La sua letteratura è la prova della sua sensibilità e della sua indispensabile adesione alle origini, della sua ispirazione latinoamericana e la fedeltà alla verità, del suo pensiero progressista. Condivido con lui una teoria scandalosa, probabilmente sacrilega per accademie e dottori in lettere, sulla relatività delle parole della lingua, e lo faccio con la stessa intensità con cui mi affascinano i dizionari, soprattutto quello che mi avrebbe ossequiato quando compii 70 anni, ed è una vera gioia perché la definizione delle parole aggiunge frasi celebri della letteratura ispanoamericana, esempi di buon uso del vocabolario.
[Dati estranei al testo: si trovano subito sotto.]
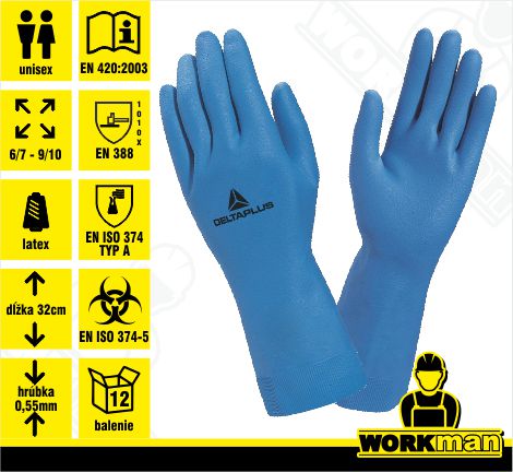 Popis: Latexové rukavice flokované. Dĺžka: 32 cm. Hrúbka: 0,55 mm. Výrobok je v súlade s požiadavkami európskej smernice 89/686, najmä pokiaľ ide o ergonómiu, neškodnosť a pohodlie, a v súlade s normami.
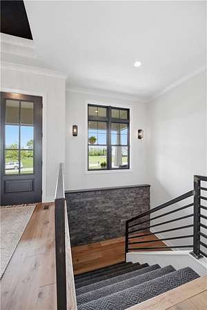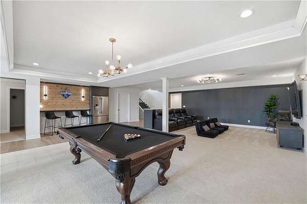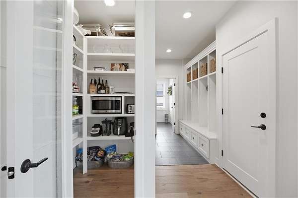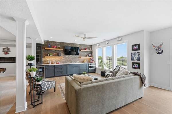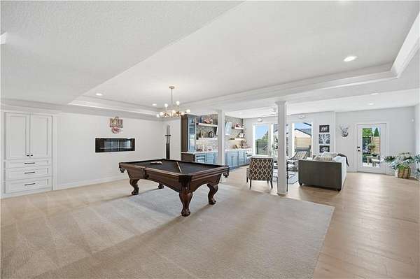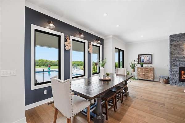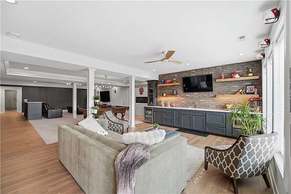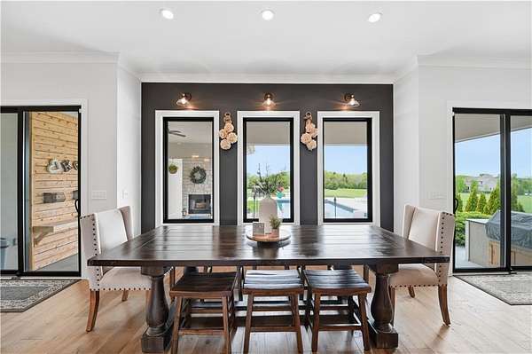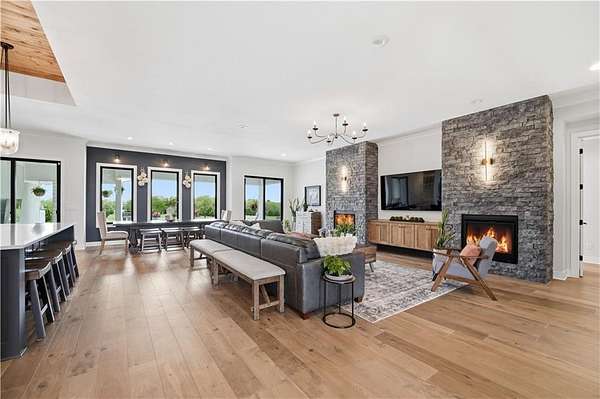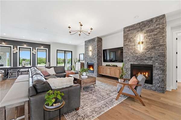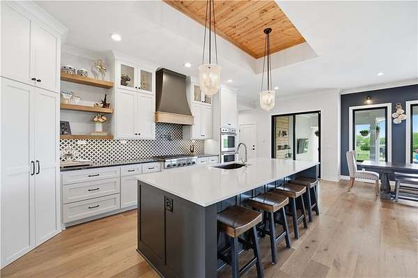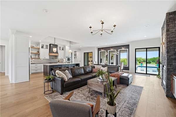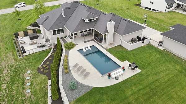 Welcome to Mulberry Hill Estates-where craftsmanship, intention, & luxury come together in this one-of-a-kind home built by Anderson Homes as the builder's personal residence. Situated on just over 2 acres, this custom estate showcases elevated design & high-end finishes throughout. From the moment you enter, you'll notice 8-foot doors, crown molding, & real iron welded railings that set the tone for the quality found throughout. The living room features dual fireplaces, custom sconces, & layered lighting, creating a warm yet sophisticated space ideal for relaxing & entertaining. The kitchen is the centerpiece of the home, anchored by a massive 10' island with storage on both sides, custom cabinetry, quartz & granite countertops, & a marble mosaic backsplash. Enjoy top-tier Viking & Thermador appliances, a gas range with pot filler, paneled dishwasher, & three pantry spaces, including a beverage room with butcher block counters & wine fridge-perfect for hosting. The primary suite offers a true retreat with a feature wall & spa-like bathroom featuring a soaking tub, oversized walk-in shower with rain head, heated floors, & a custom closet with built-ins. The main level continues with a spacious laundry room that can double as a home office, along with two additional bedrooms & bathrooms. The lower level is designed for lifestyle & entertaining, featuring hardwood floors with vapor padding, surround sound, a full gym, second laundry setup, & a lounge area that opens to a private courtyard. You'll also find two additional bedrooms & a full bath with heated floors. Outdoor living shines with a mineral pool featuring a tanning ledge, auto cover, & gas fire feature, plus a built-in grill & wood-burning fireplace. A 3-car attached garage & separate heated/cooled 3-car tandem detached garage with pool house & full bath complete this exceptional property. A rare opportunity to own a builder's personal home with unmatched detail & design.

Inoltre, come uomo pubblico obbligato a scrivere discorsi e a narrare fatti, concordo con l’illustre scrittore nel trovare piacere nella ricerca delle parole esatte, una specie di ossessione condivisa e inesauribile finché la frase non sia perfetta, fedele al sentimento o alla idea che vogliamo esprimere e nella fede che si possa sempre migliorare. Lo ammiro soprattutto quando, se non esiste la parola esatta, la inventa senza problemi. Come invidio questa sua licenza!
Ora Gabo appare come il Gabo della pubblicazione della sua autobiografia, sarebbe a dire il romanzo dei suoi ricordi, un’opera che credo di nostalgia per il tuono delle quattro del pomeriggio, che era l’istante di fulmine e magia che a sua madre Luisa Santiaga Màrquez Iguaràn mancava lontano da Aracataca, la strada sterrata, le eterne piogge torrenziali, le abitudini di alchimia e telegrafo e gli amori turbolenti e le sensazioni che popolavano Macondo, il piccolo villaggio delle pagine di “Cent’anni di solitudine” con tutta la polvere e l’incanto di Aracataca. Da Gabo mi sono sempre arrivate pagine ancora in preparazione, per il gesto generoso e di semplicità con cui sempre mi invia, come a molti altri che lo apprezzano, le bozze dei suoi libri, come prova della nostra vecchia e cara amicizia. Questa volta invia se stesso con sincerità, candore e veemenza, che lo rivelano per quello che è, un uomo con la bontà di un bambino e un talento cosmico, un uomo del domani, a cui siamo grati di aver vissuto questa vita per raccontarla.